Aside from the pictures, the entries should be given again exactly.

▼

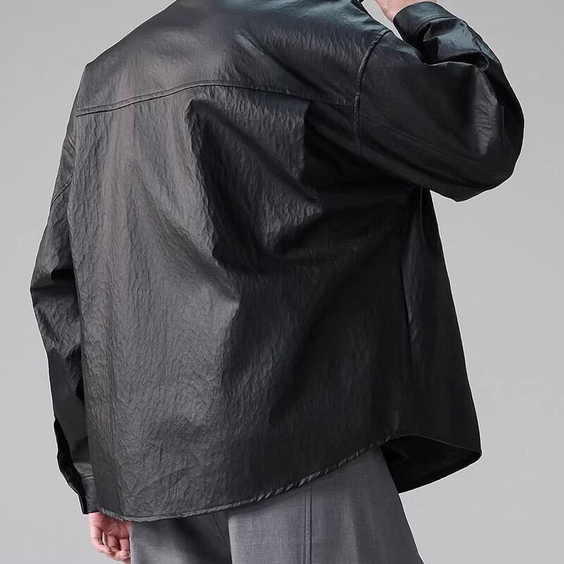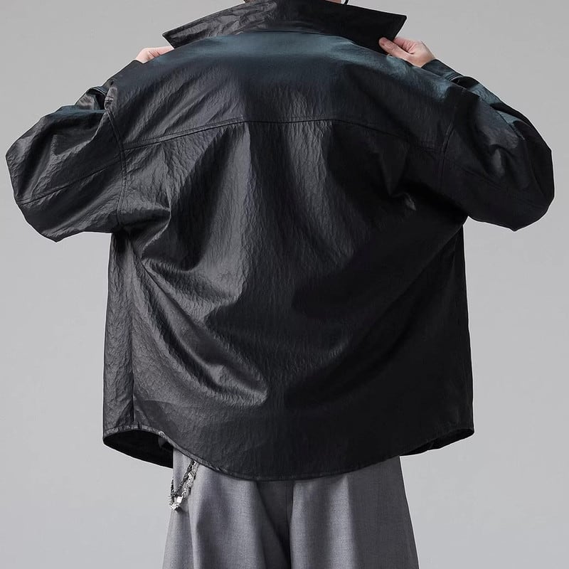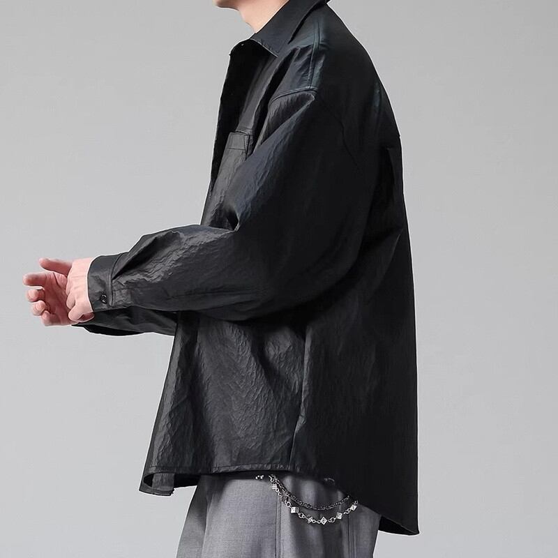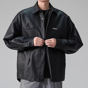 shirt color hip-length long sleeve button front shirt ◇H1044
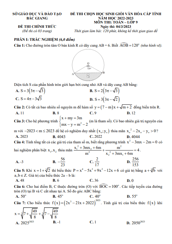 Đề học sinh giỏi cấp tỉnh lớp 9 môn Toán năm 2022 – 2023 sở GD ĐT Bắc Giang
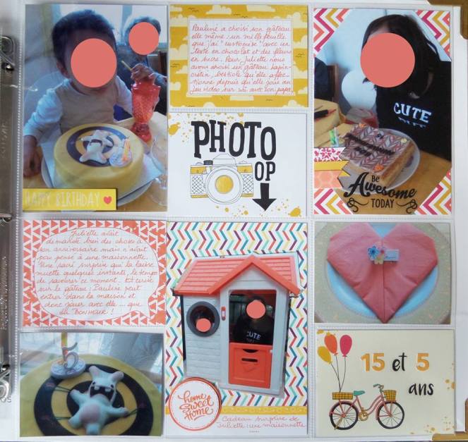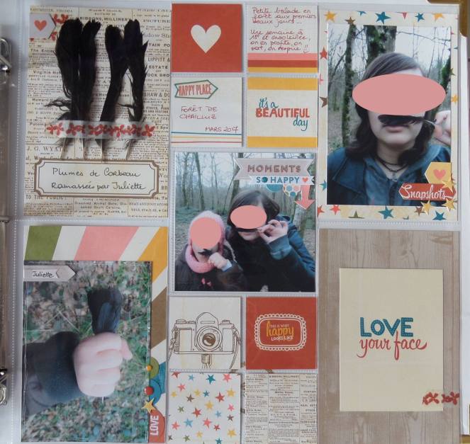 Voici quelques exemples de pages de PL que j’ai faites en grands formats, il s’agit du choix de mes filles donc forcément des pages de balades en forêts et d’anniversaires 😛
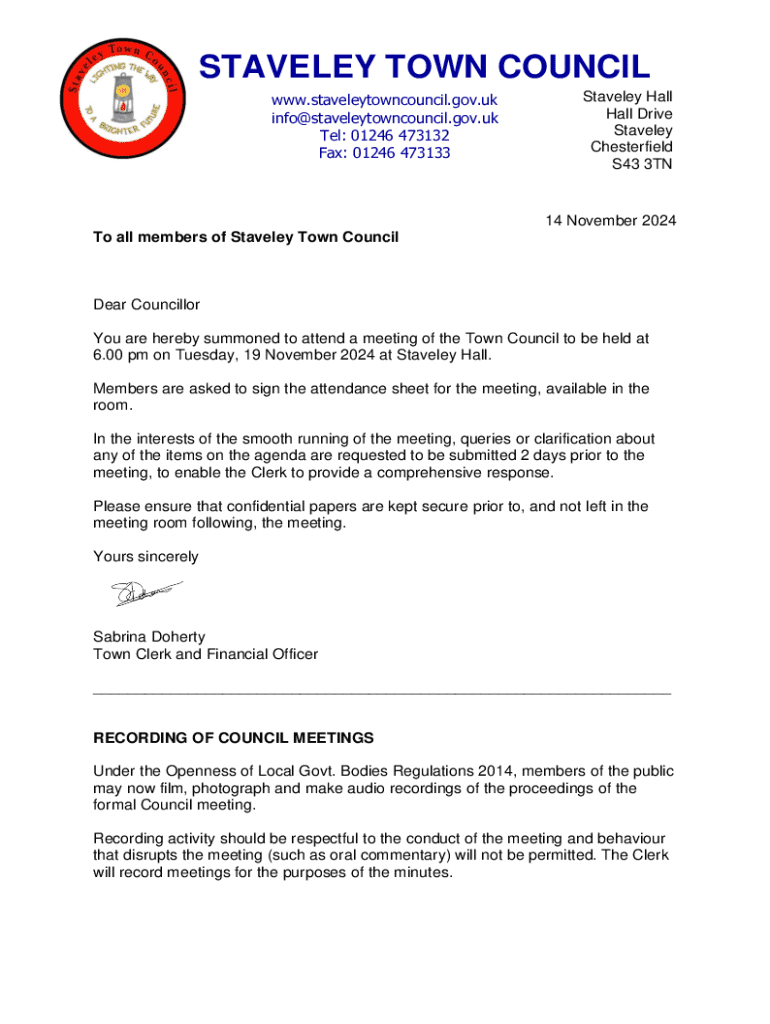 Get the free The Members of Staveley Town Council DDI: +44 (0)20 ...
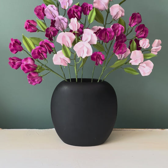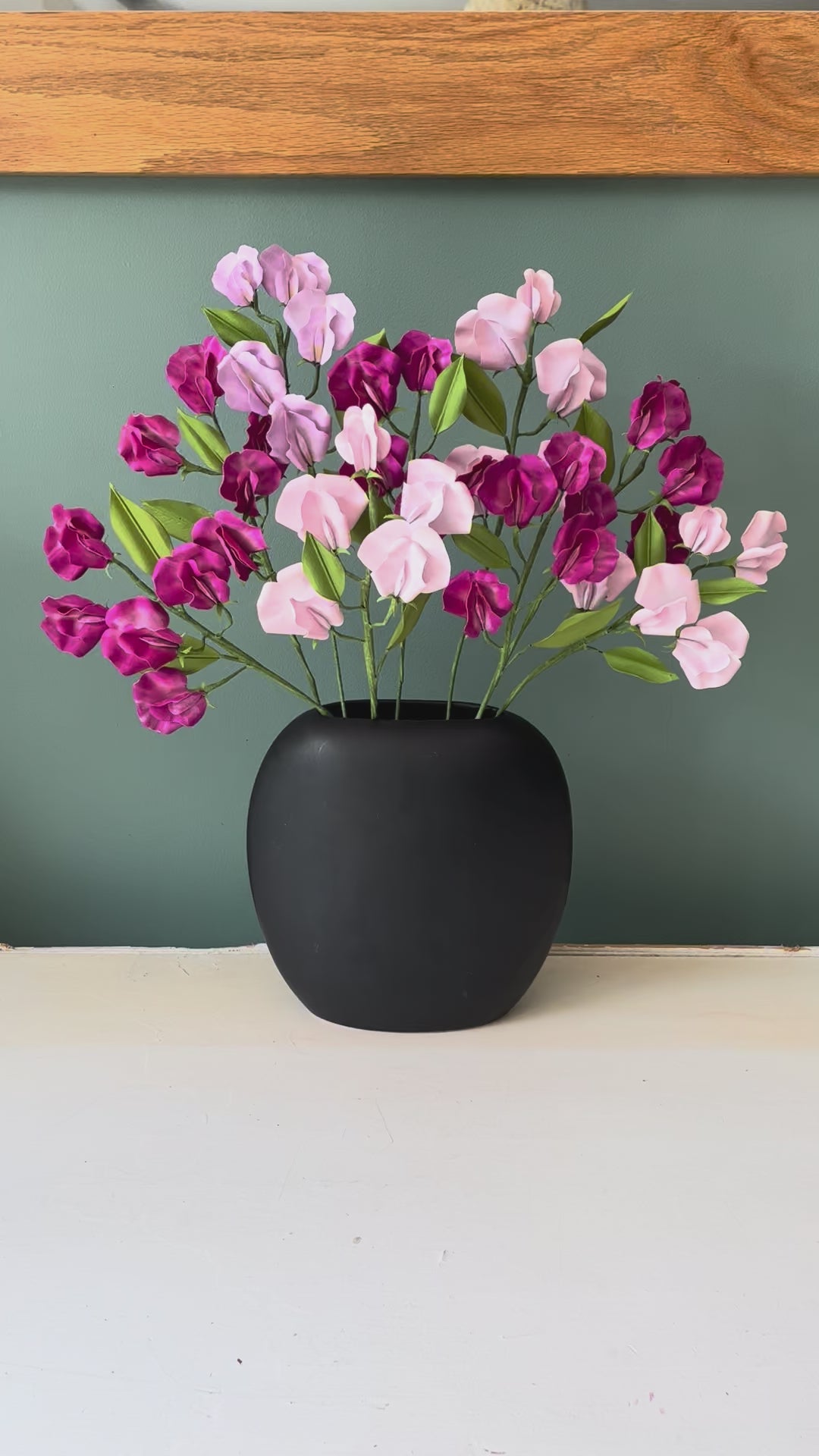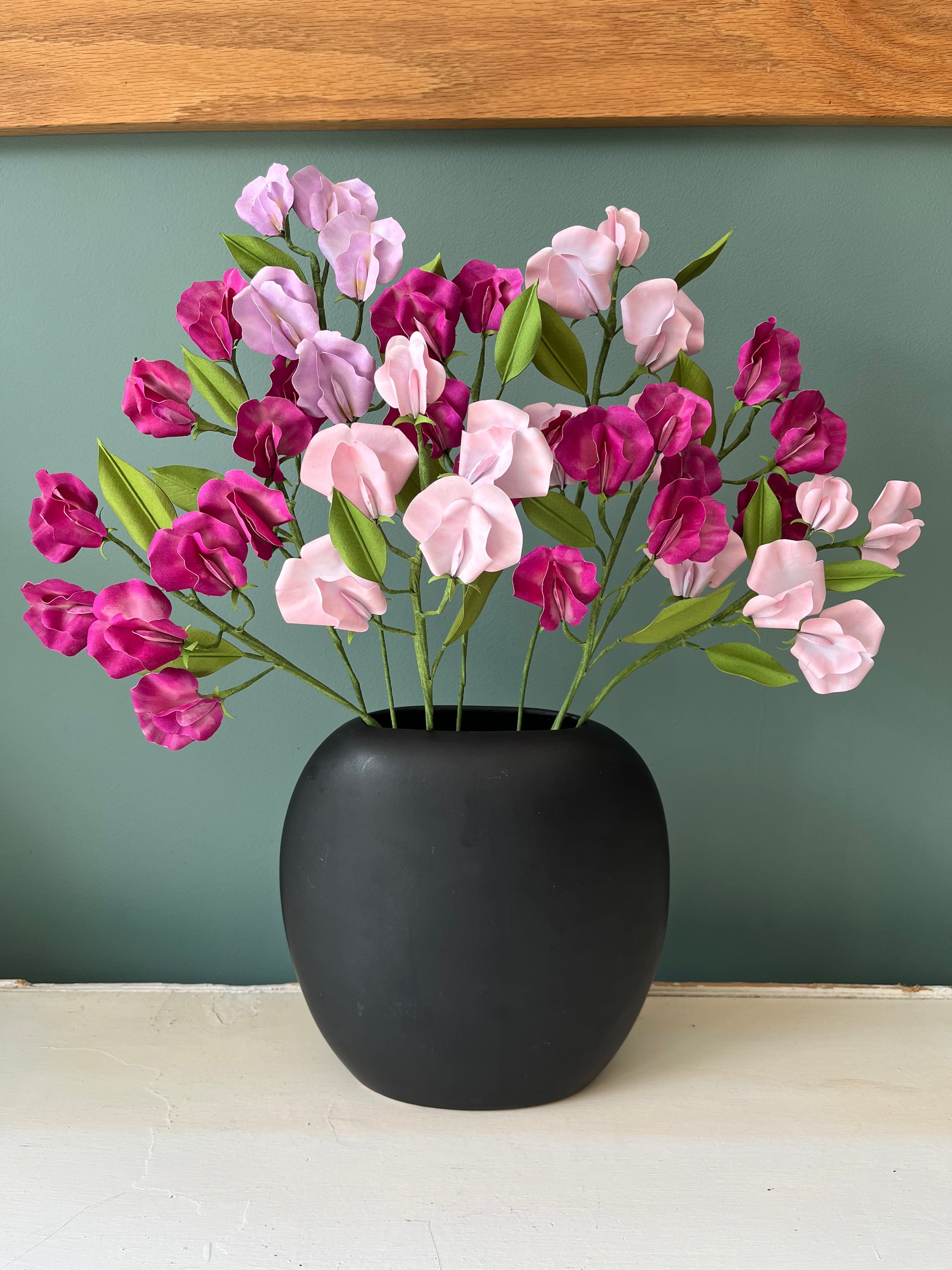 J'utilise un papier de qualité, teinté dans la masse, donc résistant à la lumière. Certaine comme ces pois de senteur ont également un vernis stabilisateur qui permettront à la couleur de garder son intensité plus longtemps. Cependant, il est préférable de ne pas laisser le bouquet derrière une fenêtre en plein soleil.
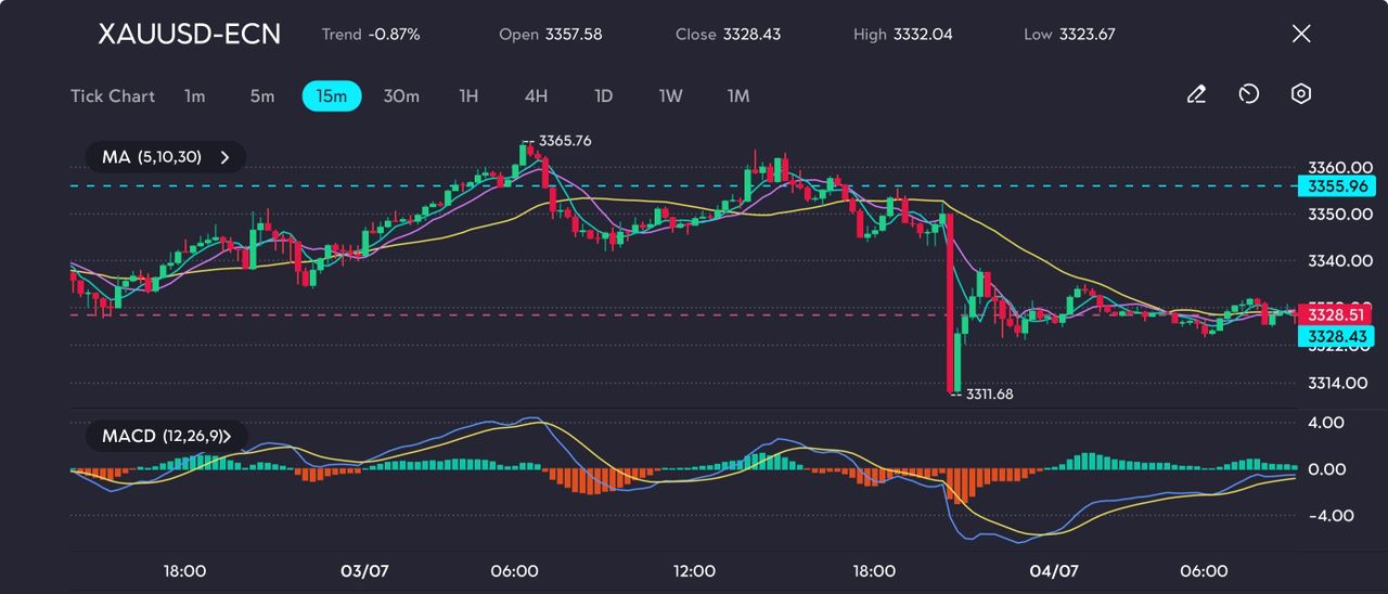 Gold (XAU/USD) experienced a steep intraday drop, plunging from 3365.76 to a low of 3311.68 before stabilising around 3328.43. The earlier bullish structure has broken down, with price now trading below the 5, 10, and 30-period moving averages. The recovery from the day’s low was shallow, suggesting limited bullish conviction.
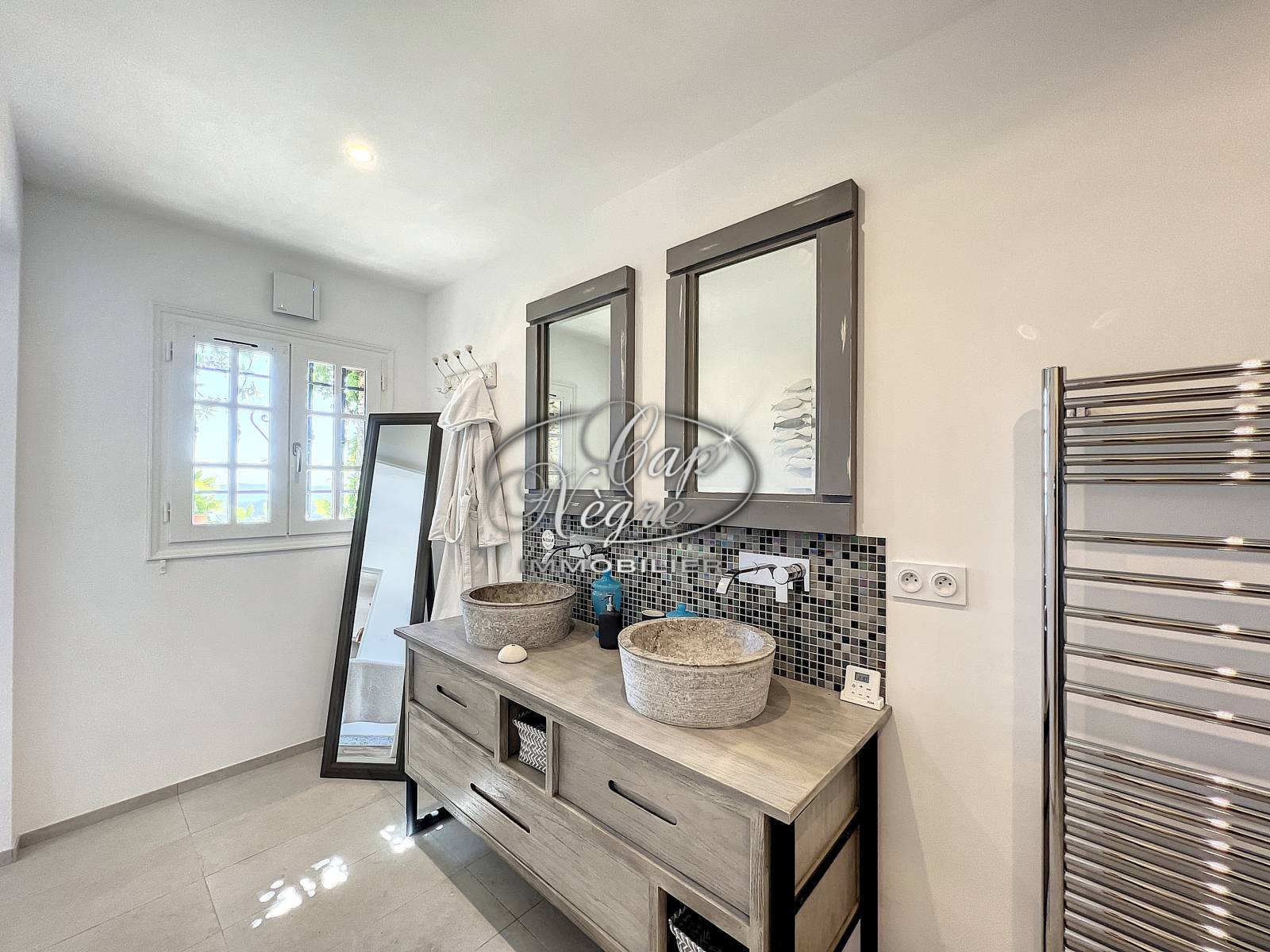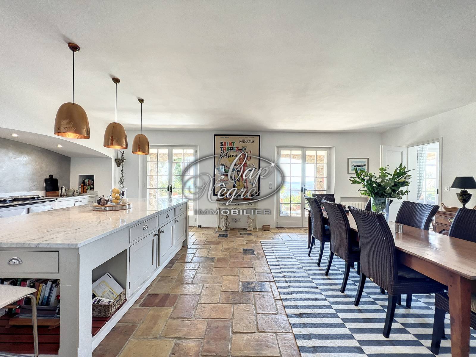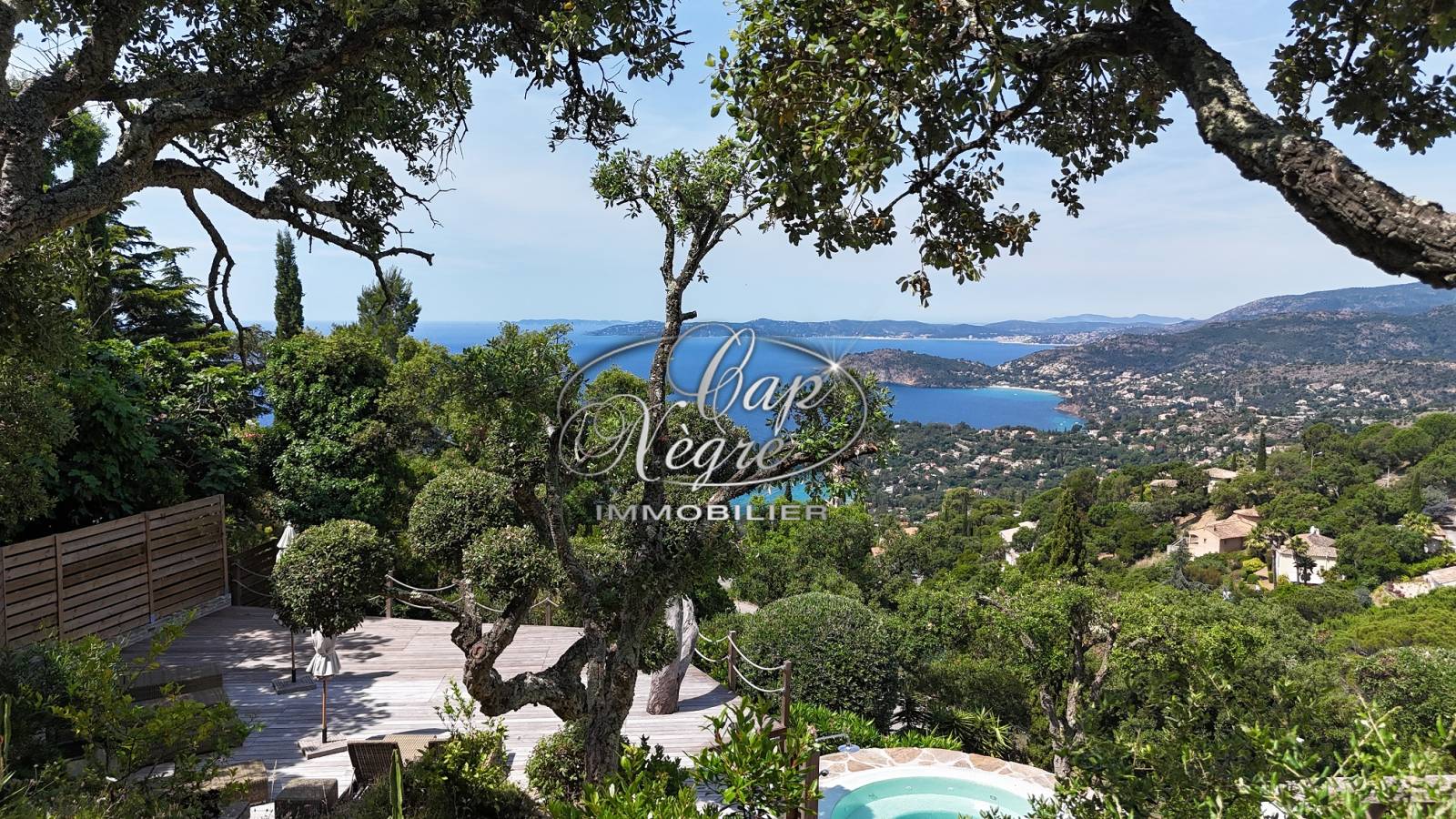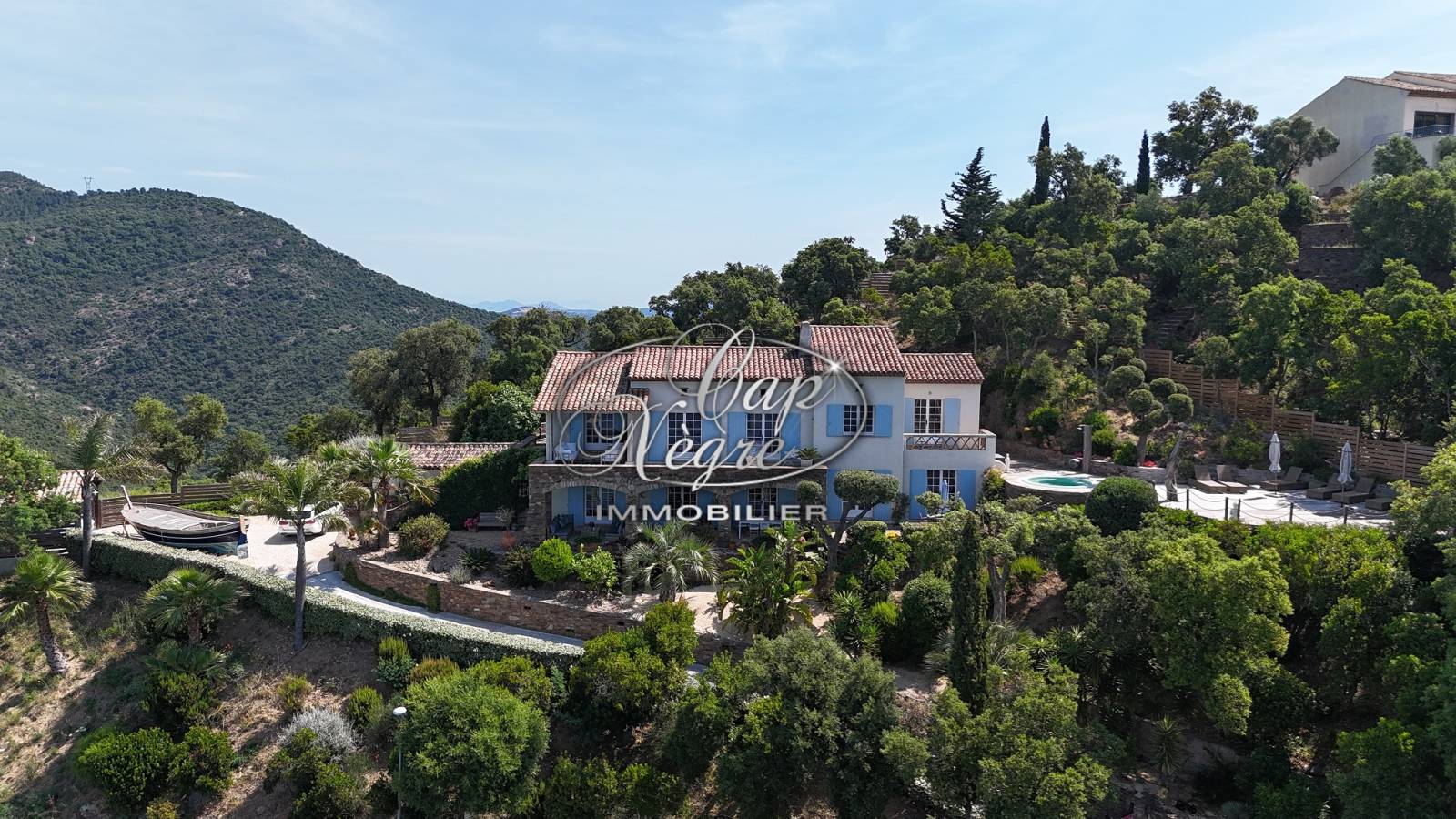 Cette propriété, des années 70, a été soumise à des rénovations majeures tout en préservant son charme originel. D’ici, nous sommes captivés par une vue panoramique sur la mer, les îles et le Cap Nègre.

▲

— Response —
 shirt color hip-length long sleeve button front shirt ◇H1044
 Đề học sinh giỏi cấp tỉnh lớp 9 môn Toán năm 2022 – 2023 sở GD ĐT Bắc Giang
 Voici quelques exemples de pages de PL que j’ai faites en grands formats, il s’agit du choix de mes filles donc forcément des pages de balades en forêts et d’anniversaires 😛
 Get the free The Members of Staveley Town Council DDI: +44 (0)20 ...
 J'utilise un papier de qualité, teinté dans la masse, donc résistant à la lumière. Certaine comme ces pois de senteur ont également un vernis stabilisateur qui permettront à la couleur de garder son intensité plus longtemps. Cependant, il est préférable de ne pas laisser le bouquet derrière une fenêtre en plein soleil.
 Gold (XAU/USD) experienced a steep intraday drop, plunging from 3365.76 to a low of 3311.68 before stabilising around 3328.43. The earlier bullish structure has broken down, with price now trading below the 5, 10, and 30-period moving averages. The recovery from the day’s low was shallow, suggesting limited bullish conviction.
 Cette propriété, des années 70, a été soumise à des rénovations majeures tout en préservant son charme originel. D’ici, nous sommes captivés par une vue panoramique sur la mer, les îles et le Cap Nègre.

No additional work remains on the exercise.